Large-scale portals can have huge issues from hackers, who employ various means to attack sites. For example, programs that continuously poll a URL to implement Denial of Service (DOS) and Distributed Denial of Service (DDOS) attacks can create huge server loads. Load balancers can provide features to mitigate or prevent such attacks.
DNS-Based Load Balancing
The Internet’s Domain Name System (DNS) resolves a domain name into an IP address. Round-robin DNS load balancing is a popular method for load balancing that does not require special hardware or software components. To implement DNS load balancing, it’s essential to have a good understanding of DNS and the DNS resolution process.
Imagine that an end user requests the URL www.iberindia.com from a browser. The browser needs to reach the servers of www.iberindia.com, but it first needs to translate the URL string into the IP address that identifies the iberindia server. DNS translates the domain portion (iberindia in this case) of the URL string into an IP address.

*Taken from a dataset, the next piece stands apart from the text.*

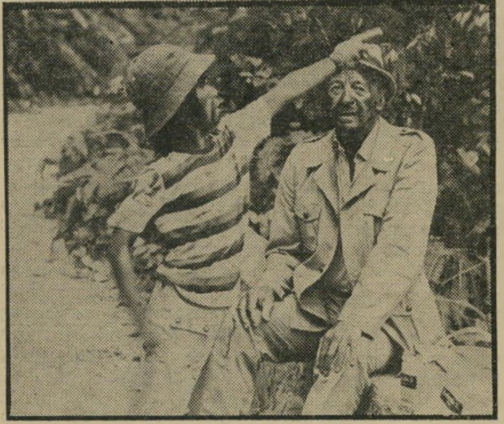
ניבן: מי גיבור יותר ממי?

מאחר והתסריטאי כאן הוא ג'ק דיוויס, מומחה לי מצחיקונים בריטיים (כמו צחוק בנן עדן או סידרת ה-רופאים במישפחה) כתוב הסרט ברוח מבודחת, עם הרבה תקריות מצחיקות, אפילו כשהעלילה דרמטית. ילד יפאני חיכן ומנומס גונב סצינות בקבלנות, ואילו דויד ניבן (כמורה לאנגלית) וטושיירו סיפונה (שגריר יפאן), שולטים במצב בכל רגע. מעניין שדיוויס, בעזרת הבמאי קן אונאי קין, הטיל על שני השחקנים הללו תפקידים הלועגים בעצם לתדמיתם הקולנועית הקבועה: ניבן, שהיה גם בחיים וגם בקולנוע קצין בריטי מצטיין, מופיע כאן כמת, חזה כקצין, ואילו יפונה, התגלמות הסאמוראי הקולנועי, אינו מסיר את חליפתו אלא בסצינה אחת, כשהוא לובש קימונו, נוטל חרב עתיקה מן הקיר, עושה כמה תנועות מאיימות בה, ומחזיר אותה למקומה.

The browser first checks its cache of resolved addresses. If www.iberindia.com was visited recently, the IP address might be available in the browser’s local DNS cache. In this case, the browser will directly make a connection with the IP address in the cache. When the cache contains more than one IP address for www.iberindia.com, the browser will try them in sequence until one succeeds in making an HTTP connection with the server.
|Author’s Note: The preceding scenario is a generic description only, because browsers can behave differently, and browser behavior can be customized. The browser’s DNS cache is different and distinct from the browser’s HTTP content cache. An end user typically has more control over the HTTP content cache than the DNS cache.
When the IP address is not cached, or when none of the IP addresses work, the browser must obtain a fresh IP address. The browser contacts the operating system to resolve the name into an IP address. (The operating system may maintain a DNS cache of its own, and will return any cached IP address.)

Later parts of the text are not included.